В свободные часы ко мне являлся мой Георгий Александрович, и мы отправлялись по святым местам — в станцы Рафаэля, на торжественные службы в катакомбы, или ехали по via Flaminia, любоваться Тибром и горой Соракто. Георгий Александрович был предупредителен и ласков, но какая-то легчайшая, прозрачная перегородка разделяла нас. Мне представлялось, что теперь он мой учитель, в высшем смысле. Я покорно пересматривала древние монеты, ездила к копиисту катакомбной живописи, работавшему в Риме много лет, читала толстые тома Вентури и Марукки. Иногда Георгий Александрович брал с собой сэра Генри. Тот ездил добросовестно, в книжечку записывал. Вероятно, также добросовестно он смотрит состязание яхт, держит пари на скачках и автомобильных гонках.

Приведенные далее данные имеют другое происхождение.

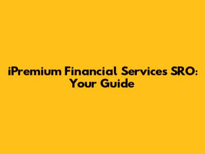 Let's dive into iPremium Financial Services SRO, guys! In this article, we're breaking down everything you need to know about them. We'll explore what they do, how they operate, and why they might be a company worth checking out. Whether you're an experienced investor or just starting to dip your toes into the world of finance, understanding different financial service providers is super important. So, let's get started and uncover the ins and outs of iPremium Financial Services SRO.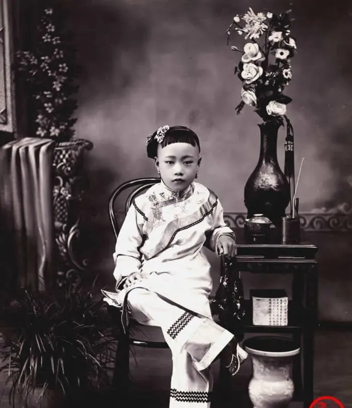 图中小小年纪的闺女叫千金小姐,绸缎旗装亮得能照人,袖口边一圈一圈细绣,发边斜插一支花,桌上铜胎花瓶鼓着肚子,边上摆着墨盒纸鎗,都是讲究,最扎眼的还是那双小脚,尖尖翘着像把月牙,妈妈看着照片就嘟囔,这样裹着走一步疼一步,叫时尚也真是苦时尚,不过那会儿就认这个,谁家姑娘裹得小,谁就体面。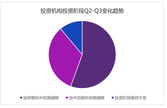 变化2:从投资阶段看,成长期公司“唱主角”,初创期公司“回暖”,中后期公司“转寒”

Он послушно вез нас на своем автомобиле в Остию, безбрежными равнинами Кампмньи, где ястреба реяли, вздымалась одиночка-башня, и вечерний свет заливал просторы благовонной влагой. Мы встречали таратайку подгороднего крестьянина; опасливо на нас косился он, подбирал возжи — но его уж нет, опять равнина, да вдали, сверкающей полосой, море Энея, да безмерный воздух в лицо плещет. Когда осматривали древний порт, раскопки Остии, казалось, что сэр Генри аккуратно все уложит в голове своей, как эти древние ссыпали сицилианскую пшеницу здесь в амбарах.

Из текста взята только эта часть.